RS: I was just thinking that if you did write a sequel to These Shallow Graves it could almost be published as an adult book. I wonder if that's ever happened before.JD: That's a good question. I have no idea. Watching the characters get older…
RS: Right. Because this does seem to me to be a true crossover book. An adult would read this with no particular sense of "Oh, I'm reading a book for young people."JD: I don't worry too much about those distinctions, because you can try to tell readers what to read and where to go in the bookstore, and they're going to do what they want to do. Readers will not be pigeonholed.
RS: Something I think you've done well in These Shallow Graves is to create a world for a reader to go into and wander around. We go uptown. We go downtown. Your characters are inhabiting a real place.JD: I tried to make the city not just a setting but a character in its own right, someplace palpable that the reader can really orient herself within.
RS: We're having a mini-trend with this era, both in steampunk books and straightforward historical fiction. Often it's London, but some are set in the United States. I wonder if part of the reason is the parallels to our world today. We're in another Gilded Age, where some people are experiencing great wealth and luxury, and other people — most people — are not.JD: What's going on in the world right now, the gulf between the haves and the have-nots — it almost feels insurmountable. Looking at the strides women have made, though, we've come such a long way. Jo didn't even have the vote. Working outside the home, for a woman of her class and station, was unthinkable. There is still wage disparity in the U.S. and so many issues, such as domestic violence, to be addressed. But then I think of places today where it's so dangerous just for a girl to want to go to school. I think your point is incredibly apt.

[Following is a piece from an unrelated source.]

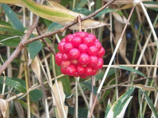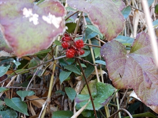 道中美しいサネカズラの脇にフユイチゴを見つけてみんなで味わいました。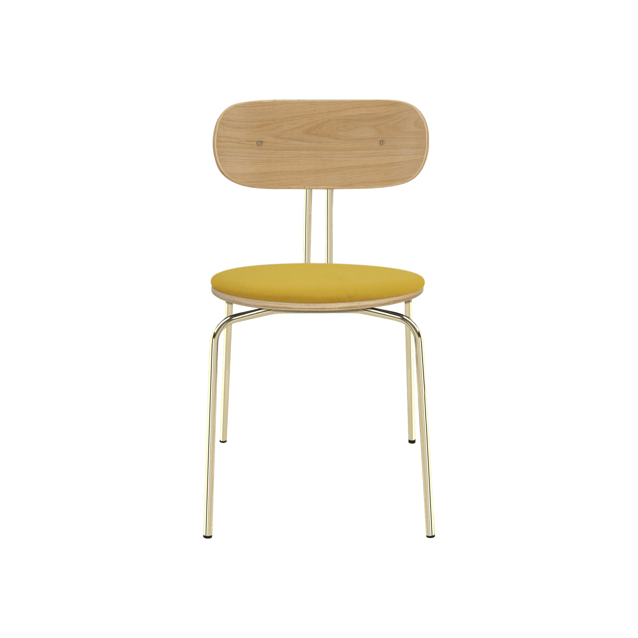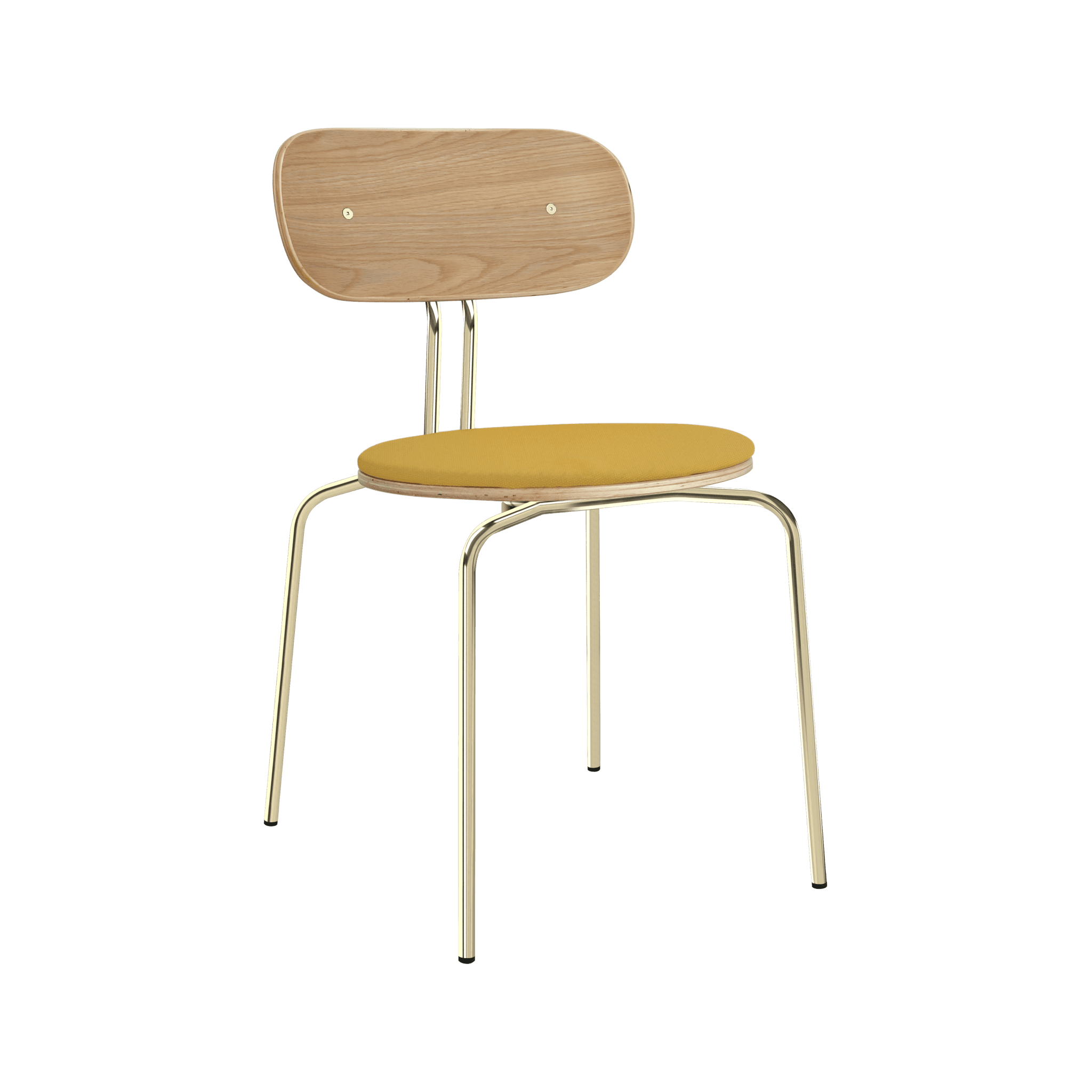 Chair Curious is elegant, light and minimalist furniture, made of oak veneer. It is available with brass or black legs, and the optional seat cushion provides additional comfort. You can choose a pillow from 17 colors of Horizons fabric, made 100% recycled, as well as in a brown or white shade of Teddy Bear fabric.

RS: Do you find that your novel overlays itself in your imagination when you visit New York now?JD: Totally. That always happens. I can see an old building or an old facade or an old railing, and standing across the street from it, I just squint my eyes, and suddenly it's back a hundred years, and the person walking out of it is dressed like a Victorian. But certain types endure as well, and you see them today moving along the sidewalks. It's ghosts all over again. And the fact that the city is trying to pave itself over as fast as it can, and build itself up, and yet it can never escape its past. I like this contrast. I like living in that space between them as a writer.